The Deutsche Bank was founded in Berlin in 1870 with a capital stock of 15 million marks. The bank absorbed dozens of other banks; among these was the Disconto-Gesellschaft, a major bank taken over in 1929. The Deutsche Bank played a significant role in the development of German imperialism and in the financing of fascist aggression. Together with the Dresdener Bank, the Deutsche Bank participated actively in the plunder of countries occupied by the fascists.

With the help of the Western powers, ten regional successor banks were established in 1947 based on existing branches of the Deutsche Bank in West Germany. The new banks were permitted to operate only within the boundaries of their respective states.

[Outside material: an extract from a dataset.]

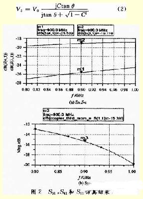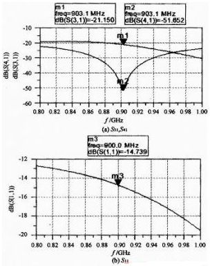圖2(a)是S31和S41的圖,在900MHz時S31為-19.116dB,S41為-25.589dB。圖 2(b)是S11的圖,在800MHz~1GHz之間,S11均在-12dB和-20dB之間。從圖2上可以看出,這個耦合器的性能并不好。首先是S11 在900MHz時僅為-15.39dB,定向耦合器是一個直通的設(shè)備,一般來說S11必須要在-30dB以下才合適,否則插入損耗有些過大,對系統(tǒng)有一些損害。另外定向性過低,在900MHz時,隔離度為-25.589dB,耦合度為-19.116dB,定向性只有6dB左右,而且在整個頻段,定向性都不超過8dB。這個結(jié)果顯然比較符合上文計算的結(jié)果,S11=-15.39dB接近上文中的-14.42dB,而S31=-19.116dB和最大耦合功率的理論值-19.48dB也比較接近。

In 1952 the entire territory of the Federal Republic of Germany was divided into three banking regions—north, west, and south—and in place of the previous ten successor banks to the Deutsche Bank, three banks were formed accordingly: the Northern Deutsche Bank, the Western Deutsche Bank, and the Southern Deutsche Bank. In 1957 these were merged into a single bank.

The Deutsche Bank is the nucleus of the financial group that includes the following concerns: Siemens, Mannesmann, Klöckner, Haniel, Hoeschst, Henkel, Reemtsma, Horten, DEMAG, BASF, Bayer, Allianz, and Glanzstoff. This group includes the leading electrical engineering, metallurgical, machine-building, chemical, and mining concerns, as well as the largest trading and insurance monopolies. The enterprises owned by concerns belonging to the financial group headed by the Deutsche Bank employ more than 1 million production and service workers, with total annual sales in excess of 100 billion marks (as of late 1971). The group controls about one-third of all the country’s outstanding capital shares.

The Deutsche Bank is closely tied to the Morgan, Rockefeller, Warburg, and Kuhn and Loeb banking groups in the United States and to the Rothschild group in a number of Western European countries. The Deutsche Bank has long-standing ties with the largest financial group in France, which is headed by the Banque de Paris et des Pays-Bas, as well as with Dutch and Belgian monopoly capital. In 1970 the bank participated in 24 credit institutions within the country and 21 abroad. The main office of the Deutsche Bank is located in Frankfurt am Main.

By the end of 1972, total capital of the Deutsche Bank had reached 640 million marks, compared with 200 million marks in 1957. During these years, the bank’s total balance increased from 8.4 billion marks to 40.2 billion, deposits rose from 7.1 billion marks to 37.1 billion, and discounted bills and loans rose from 6.3 billion to 31.9 billion marks.